On the proposed new Paradigm which would require all of a group of criteria to be met in order for an activity to be eligible for CME funding (which is almost impossible, epically for orphan diseases with little government documents on the issues).
CMSS position:
The Council of Medical Specialty Societies does not support the new paradigm in its current draft format, as described above, but rather recommends modifications to ensure the separation of bias from commercial support of CME, and further recommends a process for debate and discussion of the proposed new paradigm, so that it may ultimately come to be as universally accepted as are the ACCME Standards for Commercial Support.
CMSS does not believe that the proposed extreme solution to the problem of the perception of commercial bias in commercially supported CME, as outlined in the proposed "new paradigm", is appropriate or necessary, as it removes the responsibilities of CME providers, particularly specialty societies, from the design and implementation of CME which is free from commercial bias.
It is important to pause to recognize the practical realities of corporate support. In the absence of support for CME, currently approximately $1 billion annually, the likelihood that such support will find its way into Direct to Consumer Advertising, and more problematic, into promotional education, is strong. If the goal is to eliminate product bias from the education of physicians, it will be critical to avoid an unintended consequence of stimulating significantly increased product biased education through the mechanism of promotional education.
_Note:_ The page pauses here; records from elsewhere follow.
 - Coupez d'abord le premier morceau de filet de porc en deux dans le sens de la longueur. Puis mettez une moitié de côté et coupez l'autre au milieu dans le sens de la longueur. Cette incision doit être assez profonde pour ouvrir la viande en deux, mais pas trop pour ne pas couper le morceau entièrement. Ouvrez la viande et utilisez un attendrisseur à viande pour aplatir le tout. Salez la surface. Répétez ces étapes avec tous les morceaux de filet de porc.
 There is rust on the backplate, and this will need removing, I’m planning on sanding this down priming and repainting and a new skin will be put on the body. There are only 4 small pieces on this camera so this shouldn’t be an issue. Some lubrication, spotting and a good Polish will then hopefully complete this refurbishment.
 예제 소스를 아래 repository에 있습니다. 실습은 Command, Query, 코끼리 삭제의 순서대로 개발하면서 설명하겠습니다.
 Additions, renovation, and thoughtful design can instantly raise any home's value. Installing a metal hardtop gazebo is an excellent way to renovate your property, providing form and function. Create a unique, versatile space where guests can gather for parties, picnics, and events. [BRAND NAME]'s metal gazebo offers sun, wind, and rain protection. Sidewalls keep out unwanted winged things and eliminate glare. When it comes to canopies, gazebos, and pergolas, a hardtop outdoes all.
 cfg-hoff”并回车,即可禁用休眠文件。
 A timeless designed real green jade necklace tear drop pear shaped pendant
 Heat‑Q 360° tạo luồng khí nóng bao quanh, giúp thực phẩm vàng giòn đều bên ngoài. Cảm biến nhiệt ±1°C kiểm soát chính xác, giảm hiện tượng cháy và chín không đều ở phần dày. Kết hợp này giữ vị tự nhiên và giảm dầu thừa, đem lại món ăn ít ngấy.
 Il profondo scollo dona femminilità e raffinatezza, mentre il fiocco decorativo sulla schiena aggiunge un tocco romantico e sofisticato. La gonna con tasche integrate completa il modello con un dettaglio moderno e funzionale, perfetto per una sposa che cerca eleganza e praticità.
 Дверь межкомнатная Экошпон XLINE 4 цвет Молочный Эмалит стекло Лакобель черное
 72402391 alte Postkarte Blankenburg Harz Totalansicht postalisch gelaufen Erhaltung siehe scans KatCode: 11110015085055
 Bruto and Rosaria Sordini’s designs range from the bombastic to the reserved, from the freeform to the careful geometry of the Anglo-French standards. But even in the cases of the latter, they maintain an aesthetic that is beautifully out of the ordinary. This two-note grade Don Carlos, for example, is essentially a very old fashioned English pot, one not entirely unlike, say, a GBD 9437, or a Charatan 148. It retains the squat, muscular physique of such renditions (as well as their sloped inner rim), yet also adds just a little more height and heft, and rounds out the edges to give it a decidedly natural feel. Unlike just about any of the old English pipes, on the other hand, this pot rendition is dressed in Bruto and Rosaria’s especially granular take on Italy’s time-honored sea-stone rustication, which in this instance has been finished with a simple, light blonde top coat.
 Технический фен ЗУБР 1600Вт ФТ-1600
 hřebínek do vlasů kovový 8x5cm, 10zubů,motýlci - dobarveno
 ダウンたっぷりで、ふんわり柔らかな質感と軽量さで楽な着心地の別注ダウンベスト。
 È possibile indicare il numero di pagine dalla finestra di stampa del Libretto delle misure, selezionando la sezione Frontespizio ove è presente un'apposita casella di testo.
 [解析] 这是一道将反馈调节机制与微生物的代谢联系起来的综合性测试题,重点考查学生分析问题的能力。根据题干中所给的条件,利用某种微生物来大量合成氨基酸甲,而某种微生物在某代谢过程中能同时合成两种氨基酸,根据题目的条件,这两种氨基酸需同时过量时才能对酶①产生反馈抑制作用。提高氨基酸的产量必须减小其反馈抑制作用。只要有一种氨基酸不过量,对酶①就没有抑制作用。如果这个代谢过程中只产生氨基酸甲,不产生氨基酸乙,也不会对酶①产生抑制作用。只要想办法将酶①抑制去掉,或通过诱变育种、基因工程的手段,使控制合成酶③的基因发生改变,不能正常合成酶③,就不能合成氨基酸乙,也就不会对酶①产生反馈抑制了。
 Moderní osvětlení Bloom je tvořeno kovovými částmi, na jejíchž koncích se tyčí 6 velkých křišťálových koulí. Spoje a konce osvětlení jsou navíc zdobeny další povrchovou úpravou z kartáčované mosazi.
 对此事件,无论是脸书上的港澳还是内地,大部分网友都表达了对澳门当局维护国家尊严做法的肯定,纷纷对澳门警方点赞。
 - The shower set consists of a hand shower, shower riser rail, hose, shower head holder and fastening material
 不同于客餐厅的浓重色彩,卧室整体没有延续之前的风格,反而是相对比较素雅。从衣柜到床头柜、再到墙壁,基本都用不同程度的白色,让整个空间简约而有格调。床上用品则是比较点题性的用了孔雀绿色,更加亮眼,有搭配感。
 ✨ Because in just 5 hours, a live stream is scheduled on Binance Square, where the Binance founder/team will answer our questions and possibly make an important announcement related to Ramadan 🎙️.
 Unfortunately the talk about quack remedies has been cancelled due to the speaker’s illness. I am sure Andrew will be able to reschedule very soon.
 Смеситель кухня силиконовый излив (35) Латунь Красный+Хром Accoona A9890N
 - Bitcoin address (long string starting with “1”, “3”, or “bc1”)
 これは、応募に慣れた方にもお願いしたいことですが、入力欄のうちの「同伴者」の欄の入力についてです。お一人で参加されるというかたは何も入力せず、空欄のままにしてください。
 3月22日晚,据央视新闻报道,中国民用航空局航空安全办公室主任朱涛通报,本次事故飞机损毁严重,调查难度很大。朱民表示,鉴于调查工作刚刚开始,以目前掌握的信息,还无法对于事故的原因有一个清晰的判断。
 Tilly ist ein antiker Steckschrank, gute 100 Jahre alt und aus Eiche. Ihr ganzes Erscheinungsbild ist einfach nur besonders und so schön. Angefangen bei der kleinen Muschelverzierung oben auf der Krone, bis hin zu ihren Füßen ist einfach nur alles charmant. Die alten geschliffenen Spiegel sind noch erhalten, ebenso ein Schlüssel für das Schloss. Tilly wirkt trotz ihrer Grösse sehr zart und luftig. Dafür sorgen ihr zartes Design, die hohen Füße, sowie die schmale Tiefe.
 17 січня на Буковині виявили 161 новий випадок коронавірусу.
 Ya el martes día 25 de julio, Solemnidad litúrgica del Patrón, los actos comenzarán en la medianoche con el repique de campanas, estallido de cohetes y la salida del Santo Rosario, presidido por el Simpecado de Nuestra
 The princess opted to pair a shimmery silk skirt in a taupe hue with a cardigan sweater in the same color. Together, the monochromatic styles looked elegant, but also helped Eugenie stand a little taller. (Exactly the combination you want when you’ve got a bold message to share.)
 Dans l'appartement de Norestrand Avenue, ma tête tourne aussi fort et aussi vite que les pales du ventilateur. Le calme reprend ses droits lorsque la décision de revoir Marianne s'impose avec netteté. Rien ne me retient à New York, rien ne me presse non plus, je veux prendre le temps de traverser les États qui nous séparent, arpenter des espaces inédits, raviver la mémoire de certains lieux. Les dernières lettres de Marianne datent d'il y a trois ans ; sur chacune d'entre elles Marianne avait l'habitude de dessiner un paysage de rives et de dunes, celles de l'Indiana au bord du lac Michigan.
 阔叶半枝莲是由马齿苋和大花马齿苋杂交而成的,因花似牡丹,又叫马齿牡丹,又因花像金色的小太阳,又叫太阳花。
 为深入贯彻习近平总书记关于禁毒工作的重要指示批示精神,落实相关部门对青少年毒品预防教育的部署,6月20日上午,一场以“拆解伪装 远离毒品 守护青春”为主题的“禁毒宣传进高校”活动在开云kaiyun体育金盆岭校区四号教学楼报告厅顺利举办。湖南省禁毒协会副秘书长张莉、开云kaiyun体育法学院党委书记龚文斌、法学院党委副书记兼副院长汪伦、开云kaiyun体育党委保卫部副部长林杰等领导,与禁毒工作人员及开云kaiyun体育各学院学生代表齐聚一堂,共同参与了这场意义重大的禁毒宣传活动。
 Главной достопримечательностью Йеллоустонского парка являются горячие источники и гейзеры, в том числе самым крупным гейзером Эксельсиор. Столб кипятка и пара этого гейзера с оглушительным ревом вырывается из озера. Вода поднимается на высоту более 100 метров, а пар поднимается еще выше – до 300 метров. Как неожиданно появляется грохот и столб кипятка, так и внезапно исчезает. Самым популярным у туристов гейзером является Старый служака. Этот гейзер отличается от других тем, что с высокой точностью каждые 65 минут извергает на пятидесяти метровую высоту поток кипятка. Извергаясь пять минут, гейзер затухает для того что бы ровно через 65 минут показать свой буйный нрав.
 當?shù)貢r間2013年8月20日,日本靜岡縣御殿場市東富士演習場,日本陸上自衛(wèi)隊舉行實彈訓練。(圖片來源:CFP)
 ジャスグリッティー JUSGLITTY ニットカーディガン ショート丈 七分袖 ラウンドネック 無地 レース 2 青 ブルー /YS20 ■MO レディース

The Second Letter addressed information around the August Call for Comment
which proposes:
"Persons paid to create, or present, promotional materials on behalf of commercial interest cannot control the content of accredited continuing medical education on that same content."
CMSS position:
Persons paid to create or present promotional materials on behalf of commercial interests (who therefore disclose a conflict of interest) need not be excluded from accredited continuing medical education on the same subject if and only if their conflict of interest can be resolve.
They point out that CME providers have invested significant resources to resolve conflict of interest and propose the following alternatives:
Be considered for universal criteria for resolving disclosed conflict of interest.
- Peer review: members of the planning committee, or other authors/speakers without a conflict of interest, review the content an author/speaker plans to use in a CME program, after which the author/speaker may not change that content.
- Evidence-based presentation: the author/speaker is required to present an evidence-based CME program that conforms to nationally accepted standards of evidence-based CME (not just having the speaker say "this is an evidence-based presentation").
- Modify content: the author/speaker may present on pathophysiology, research data, and other content, but not make practice recommendations (these are made by another speaker, who discloses no such conflicts of interest).
- On-site monitoring: trained monitors (volunteer physician and staff) attend the presentation and determine if subtle or overt biased crept into the talk, with significant consequences.
These issues need a lot more consideration and real debate, the CMSS did an outstanding job in outlining the issues.
Over the course of the next days we will be publishing links to all responses to the ACCME’s call for comments as they become available.